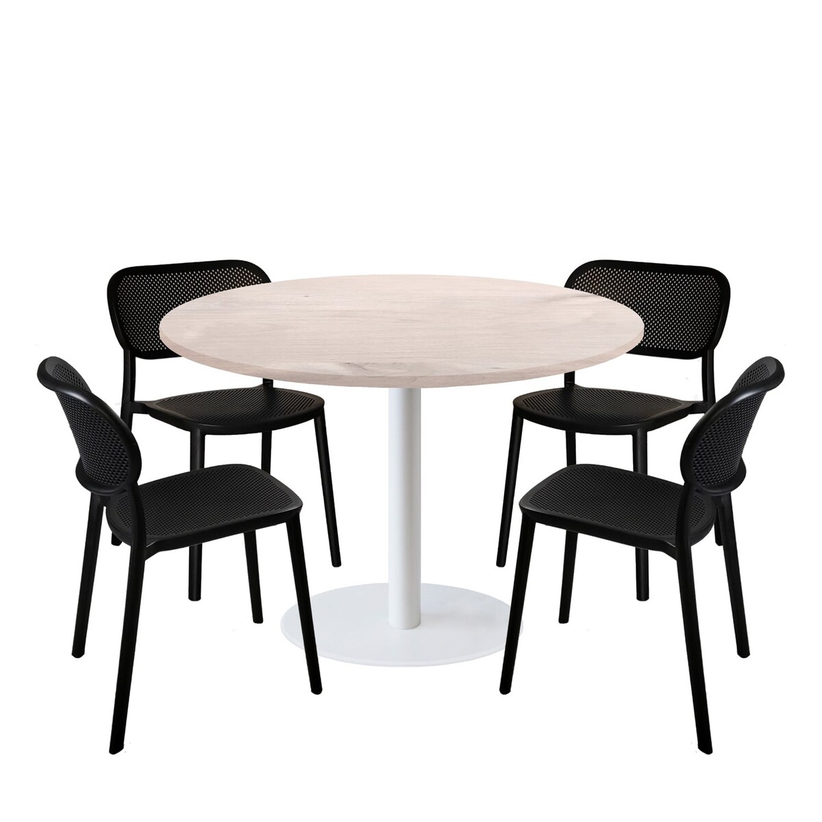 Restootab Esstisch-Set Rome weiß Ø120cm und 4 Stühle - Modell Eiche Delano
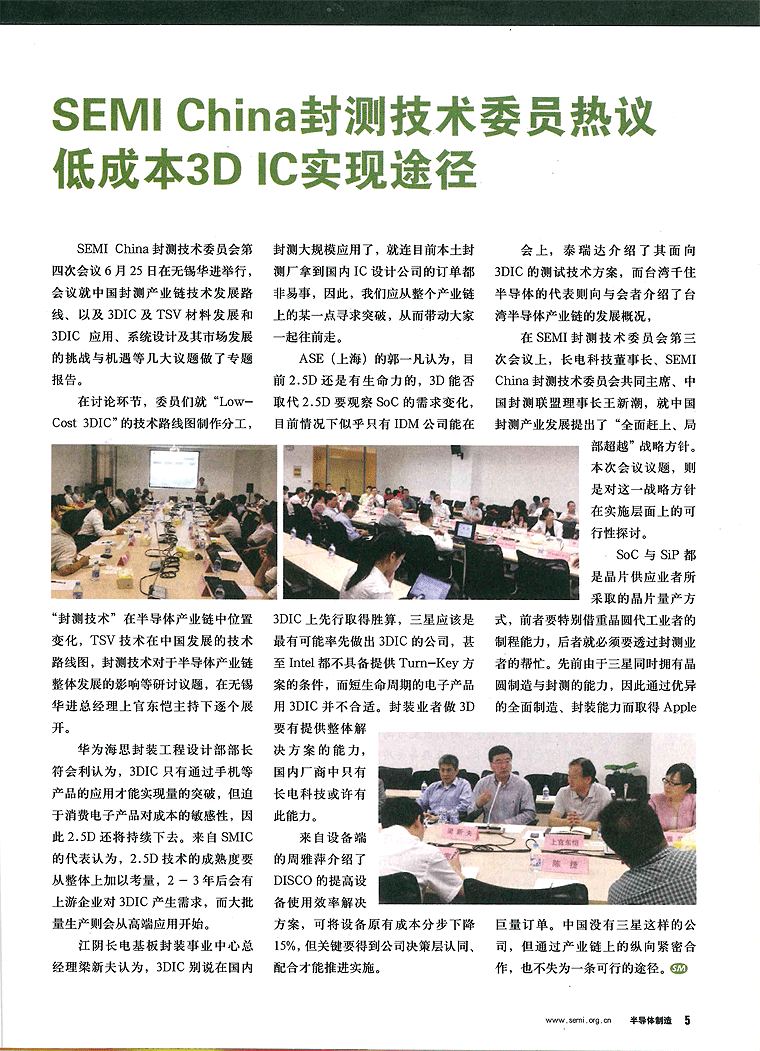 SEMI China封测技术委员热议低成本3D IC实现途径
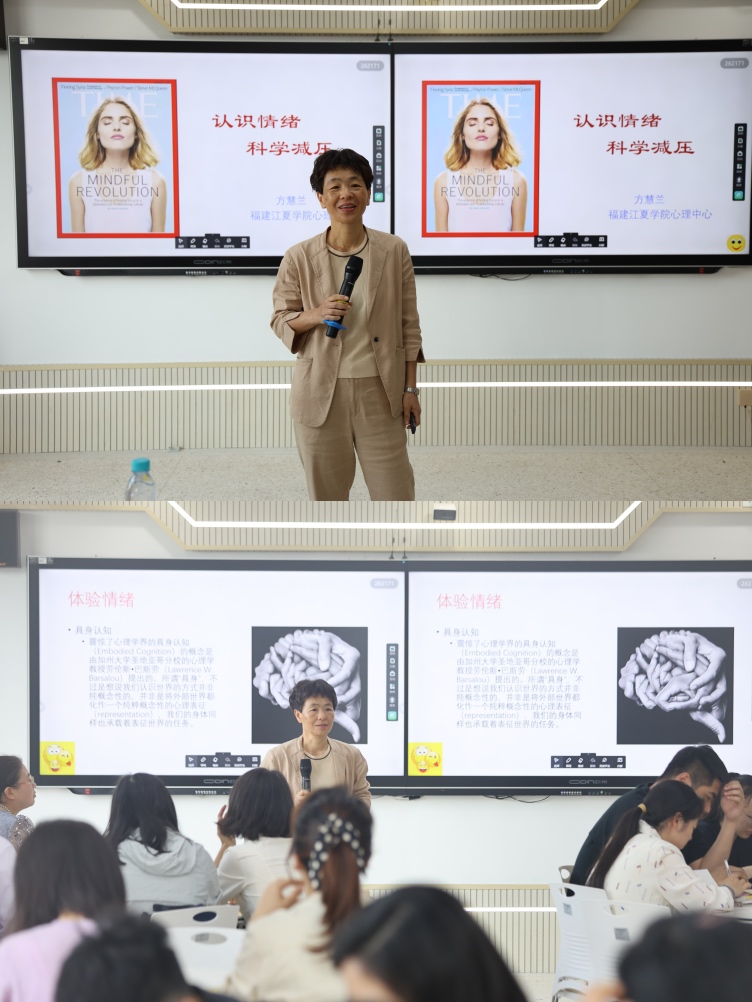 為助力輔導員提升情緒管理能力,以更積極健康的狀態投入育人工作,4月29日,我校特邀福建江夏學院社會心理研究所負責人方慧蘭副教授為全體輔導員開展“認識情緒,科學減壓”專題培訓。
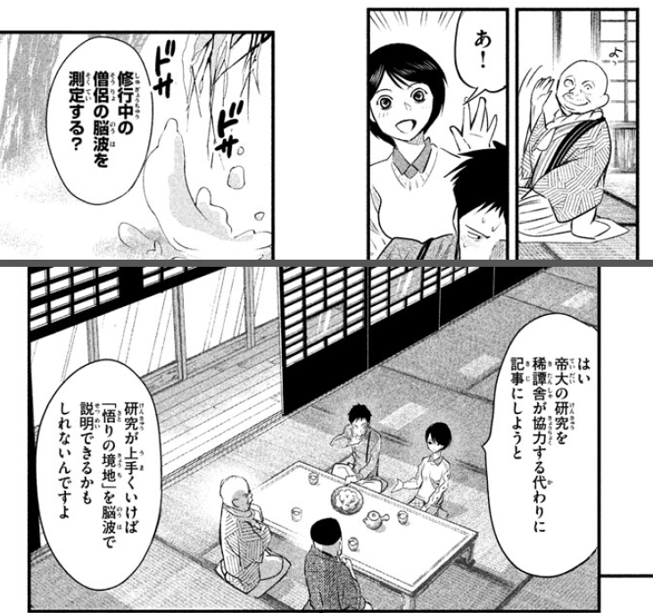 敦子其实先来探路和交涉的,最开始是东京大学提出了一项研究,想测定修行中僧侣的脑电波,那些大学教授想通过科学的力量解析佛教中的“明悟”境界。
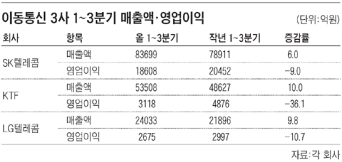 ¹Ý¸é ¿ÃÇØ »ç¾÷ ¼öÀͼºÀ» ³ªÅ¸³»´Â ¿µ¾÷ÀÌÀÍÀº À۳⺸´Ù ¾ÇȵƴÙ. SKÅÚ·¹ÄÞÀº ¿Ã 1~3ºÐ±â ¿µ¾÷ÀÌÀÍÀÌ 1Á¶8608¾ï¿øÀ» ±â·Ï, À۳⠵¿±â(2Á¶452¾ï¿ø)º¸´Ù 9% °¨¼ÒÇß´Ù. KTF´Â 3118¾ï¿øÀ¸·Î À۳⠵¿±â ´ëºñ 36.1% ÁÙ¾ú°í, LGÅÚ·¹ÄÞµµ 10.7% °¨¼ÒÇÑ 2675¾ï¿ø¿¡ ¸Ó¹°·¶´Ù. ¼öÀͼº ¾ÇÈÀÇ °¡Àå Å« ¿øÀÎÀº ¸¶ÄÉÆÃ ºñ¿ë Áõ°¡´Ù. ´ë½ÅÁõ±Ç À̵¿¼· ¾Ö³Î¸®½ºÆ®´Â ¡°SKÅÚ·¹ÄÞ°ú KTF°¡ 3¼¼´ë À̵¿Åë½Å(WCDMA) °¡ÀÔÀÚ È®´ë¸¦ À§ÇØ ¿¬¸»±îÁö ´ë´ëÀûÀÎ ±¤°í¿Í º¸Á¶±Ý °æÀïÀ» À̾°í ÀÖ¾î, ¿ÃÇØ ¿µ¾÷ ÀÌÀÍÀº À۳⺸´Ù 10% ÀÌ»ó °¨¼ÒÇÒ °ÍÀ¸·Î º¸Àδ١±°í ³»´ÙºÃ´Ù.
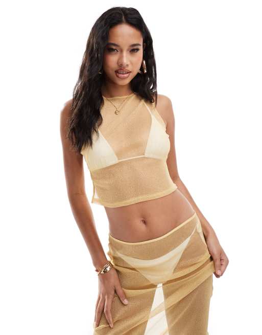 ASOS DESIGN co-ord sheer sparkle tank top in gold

◆ ◆ ◆

Your objective: The pictures in the data should be omitted, and every remaining line set down exactly.

Expected answer:
 Restootab Esstisch-Set Rome weiß Ø120cm und 4 Stühle - Modell Eiche Delano
 SEMI China封测技术委员热议低成本3D IC实现途径
 為助力輔導員提升情緒管理能力,以更積極健康的狀態投入育人工作,4月29日,我校特邀福建江夏學院社會心理研究所負責人方慧蘭副教授為全體輔導員開展“認識情緒,科學減壓”專題培訓。
 敦子其实先来探路和交涉的,最开始是东京大学提出了一项研究,想测定修行中僧侣的脑电波,那些大学教授想通过科学的力量解析佛教中的“明悟”境界。
 ¹Ý¸é ¿ÃÇØ »ç¾÷ ¼öÀͼºÀ» ³ªÅ¸³»´Â ¿µ¾÷ÀÌÀÍÀº À۳⺸´Ù ¾ÇȵƴÙ. SKÅÚ·¹ÄÞÀº ¿Ã 1~3ºÐ±â ¿µ¾÷ÀÌÀÍÀÌ 1Á¶8608¾ï¿øÀ» ±â·Ï, À۳⠵¿±â(2Á¶452¾ï¿ø)º¸´Ù 9% °¨¼ÒÇß´Ù. KTF´Â 3118¾ï¿øÀ¸·Î À۳⠵¿±â ´ëºñ 36.1% ÁÙ¾ú°í, LGÅÚ·¹ÄÞµµ 10.7% °¨¼ÒÇÑ 2675¾ï¿ø¿¡ ¸Ó¹°·¶´Ù. ¼öÀͼº ¾ÇÈÀÇ °¡Àå Å« ¿øÀÎÀº ¸¶ÄÉÆÃ ºñ¿ë Áõ°¡´Ù. ´ë½ÅÁõ±Ç À̵¿¼· ¾Ö³Î¸®½ºÆ®´Â ¡°SKÅÚ·¹ÄÞ°ú KTF°¡ 3¼¼´ë À̵¿Åë½Å(WCDMA) °¡ÀÔÀÚ È®´ë¸¦ À§ÇØ ¿¬¸»±îÁö ´ë´ëÀûÀÎ ±¤°í¿Í º¸Á¶±Ý °æÀïÀ» À̾°í ÀÖ¾î, ¿ÃÇØ ¿µ¾÷ ÀÌÀÍÀº À۳⺸´Ù 10% ÀÌ»ó °¨¼ÒÇÒ °ÍÀ¸·Î º¸Àδ١±°í ³»´ÙºÃ´Ù.
 ASOS DESIGN co-ord sheer sparkle tank top in gold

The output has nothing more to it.